A trade bill now ready for the president's signature will threaten the effectiveness of the nation's quality improvement organizations, according to the group representing those entities.
Trade bill could undermine health quality groups: AHQA
After passing trade agreements with South Korea, Colombia and Panama on Wednesday evening, the House of Representatives approved the Trade Adjustment Assistance bill, which provides benefits, services and retraining programs to U.S. workers who lost their jobs or work hours because of trade deals that shifted production outside the country.
Included in this bill—which passed in a 307-122 vote—is a funding offset that would make changes to the Medicare program's Quality Improvement Organization program that the Congressional Budget Office estimates could save about $300 million over 10 years, says Todd Ketch, executive director of the American Health Quality Association in Washington.

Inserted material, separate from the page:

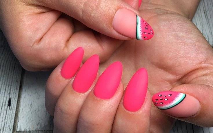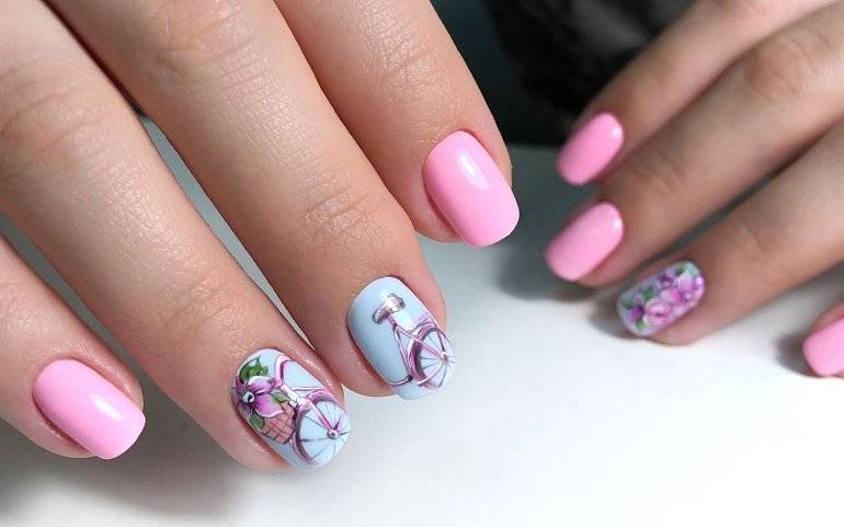Для простейшего дизайна нейл-мастера предлагают применять обычную цветную основу и матовый топ. Такое покрытие делает нежные оттенки еще более мягкими, а насыщенным добавляет глубины. В качестве дополнительного декора используют градиент, наносят объемные 3D-изображения, лепку, роспись вручную или наклейки.
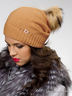 Эффектная полушерстяная шапка с крупным меховым помпоном украшена небольшим декоративным элементом. Отличный вариант на каждый день.

The bill mirrors legislation that the Senate passed late last month.
According to Ketch, the provisions call for changing the current system of statewide QIOs into organizations that are regional or national in scope. “What we worry about: if you move to a regional or national contract for quality improvement, the state-level focus and the needs of those states and individual communities will be shortchanged,” Ketch said, adding that the current relationship between QIOs and providers is “very close.”
Another change would allow CMS to award separate contracts for administrative case review and quality-improvement functions in one contract area, a move that Ketch said “works contrary to the idea of managing the patient across the continuum of care.”
The group's position on the legislation has the backing of former CMS Administrator Tom Scully, who currently is the senior counsel at Alston & Bird. “If enacted, not only will these major changes turn upside down an otherwise stable program in which QIOs have benefited providers and patients alike,” Scully said in a news release, “but the changes also will eliminate hundreds of jobs across the nation.”